By Nadine Ono.

It’s no secret that California is an expensive place to live as evidenced by the Bloomberg Affordable Housing Index which shows that the state has four of the five least affordable metro areas in the country. And as more Californians fall into the affordability gap, they are finding that the cost of not having adequate housing extends to other parts of their lives.

The lack of affordable housing can affect health outcomes and more. “If people can’t afford to have a unit on their own, they’ve got to double up or they’ve got to live in a car,” said Dr. Raphael Bostic of USC’s Sol Price School of Public Policy. “And that in and of itself, creates a lot of stress.

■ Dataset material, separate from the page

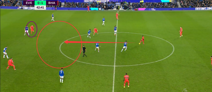 第三张:这张动图我想给读者强调:弗格森虽然以回撤策应为他的核心竞争力,但他却不失一位中锋应有的本领。他并不是所有时间都在回撤,此图中他的位置始终与中卫平齐,也就是我在上文也提到过的——压制对手防线高度。何为压制防线高度?我方顶在最前面的球员的位置便决定了对手后卫线的整体位置。如果我方箭头人员位置总是靠后,那么对手的防线便可以肆无忌惮的前提,以压缩本方球员的持球空间。当弗格森回撤时,两个边锋三笘薰和马希会顶在前方,压制对手。而两个边路球员回撤接球时,弗格森也可以做到压制中卫的效果。此球弗格森的站位给13号格罗斯拉扯出很大空间。我们也可以从下面这张图片看出弗格森作为箭头人员时的压制作用。

And that stress have the effect of making people make poor decisions.”

This can have implications in the classroom and future employment, added Dr. Doug Jutte, executive director of Build Healthy Places, a non-profit that supports collaboration across the health and community development sectors to improve low-income areas and the lives of its residents.

“The lack of affordable housing, the lack of quality housing, the stress of struggling to meet your housing needs on a regular basis, the difficulty of living in tight quarters through crowding, living in dangerous neighborhoods without the services that you need, what all that leads to is increasingly, something that we call ‘toxic-stress,’” said Jutte.

For children, he added that toxic stress, “sets up the child over the full lifetime, it sets them up for a range of bad outcomes.” This type of stress affects the brain development of “executive function,” which controls concentration, emotional responses and working memory.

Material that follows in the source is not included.